*EXERCISE OBJECTIVE*
Only the lines from the line containing "今天我們點了紅酒慢燉牛小排 以及西班牙臘腸搭台式香腸燉飯 2份主餐" to the end of the material belong in the copy; set them down exactly, without pictures.

*DATASET SECTION*
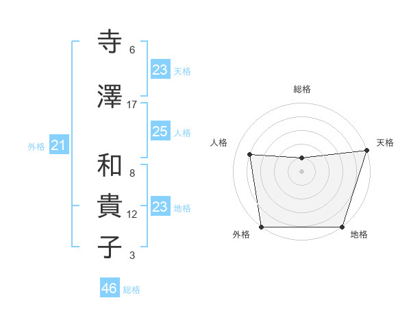 寺澤 和貴子さんを姓名の画数から五運を鑑定
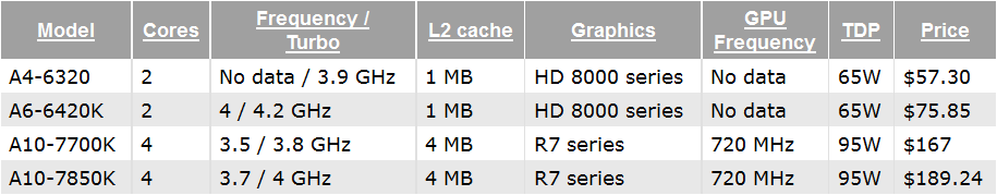 Два процессора относятся к семейству Richland. AMD A4-6320 и A6-6420K имеют в своем составе один модуль Piledriver (два x86-64 ядра), 1 МБ кэш-памяти второго уровня, графическую подсистему Radeon HD 8000 (VLIW4) и тепловой пакет в 65 Вт. Чип A4-6320 работает на частоте 3900 МГц в турборежиме и оценивается в $57, а A6-6420K (4,0/4,2 ГГц) с разблокированным на повышение множителем пока стоит $76. Данные APU можно устанавливать в материнские платы с сокетами FM2 и FM2+.
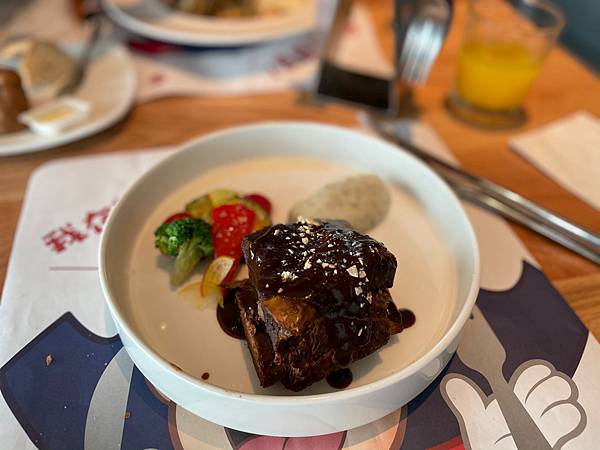 今天我們點了紅酒慢燉牛小排 以及西班牙臘腸搭台式香腸燉飯 2份主餐
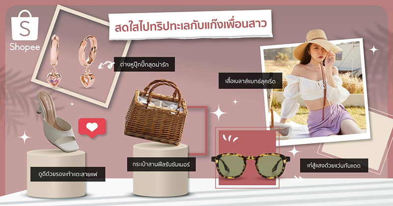 LOOK 2 : สดใสไปทริปทะเลกับแก๊งเพื่อนสาวซัมเมอร์นี้แน่นอนว่าหลายๆ คน คงเริ่มแพลนทริปท่องเที่ยวภายใต้ความปลอดภัยในสถานการณ์เช่นนี้ เรียกได้ว่า คุณสามารถเข้ามาท่องโลกแฟชั่นที่ครอบคลุมสินค้าทุกเซ็กเม้นต์ได้ในแคมเปญ Shopee’s Fashion Week ที่ช้อปปี้การันตีว่า ปังรับซัมเมอร์อย่างแน่นอน โดยเฉพาะลุคสดใสไปทริปทะเลกับแก๊งเพื่อนสาว ที่ทุกอย่างคุณสามารถช้อปได้ที่ช้อปปี้ เริ่มกันด้วยเสื้อเบลาท์สีครีมๆ เลือกแมทช์กับกางเกงขาสั้นสีพาสเทลก็สวยไปอีกแบบ คู่กับต่างหูเสริมลุคสวย พร้อมเก๋สู้แดดด้วยแว่นตากันแดดสุดเลิศ และดูดีด้วยรองเท้าแตะสายแฟแต่จะขาดกระเป๋าสานและหมวกปีกกว้างที่ถือเป็นMust-Have Items ที่สาวๆ ไม่ควรพลาดในซัมเมอร์นี้

*RESULT*
 今天我們點了紅酒慢燉牛小排 以及西班牙臘腸搭台式香腸燉飯 2份主餐
 LOOK 2 : สดใสไปทริปทะเลกับแก๊งเพื่อนสาวซัมเมอร์นี้แน่นอนว่าหลายๆ คน คงเริ่มแพลนทริปท่องเที่ยวภายใต้ความปลอดภัยในสถานการณ์เช่นนี้ เรียกได้ว่า คุณสามารถเข้ามาท่องโลกแฟชั่นที่ครอบคลุมสินค้าทุกเซ็กเม้นต์ได้ในแคมเปญ Shopee’s Fashion Week ที่ช้อปปี้การันตีว่า ปังรับซัมเมอร์อย่างแน่นอน โดยเฉพาะลุคสดใสไปทริปทะเลกับแก๊งเพื่อนสาว ที่ทุกอย่างคุณสามารถช้อปได้ที่ช้อปปี้ เริ่มกันด้วยเสื้อเบลาท์สีครีมๆ เลือกแมทช์กับกางเกงขาสั้นสีพาสเทลก็สวยไปอีกแบบ คู่กับต่างหูเสริมลุคสวย พร้อมเก๋สู้แดดด้วยแว่นตากันแดดสุดเลิศ และดูดีด้วยรองเท้าแตะสายแฟแต่จะขาดกระเป๋าสานและหมวกปีกกว้างที่ถือเป็นMust-Have Items ที่สาวๆ ไม่ควรพลาดในซัมเมอร์นี้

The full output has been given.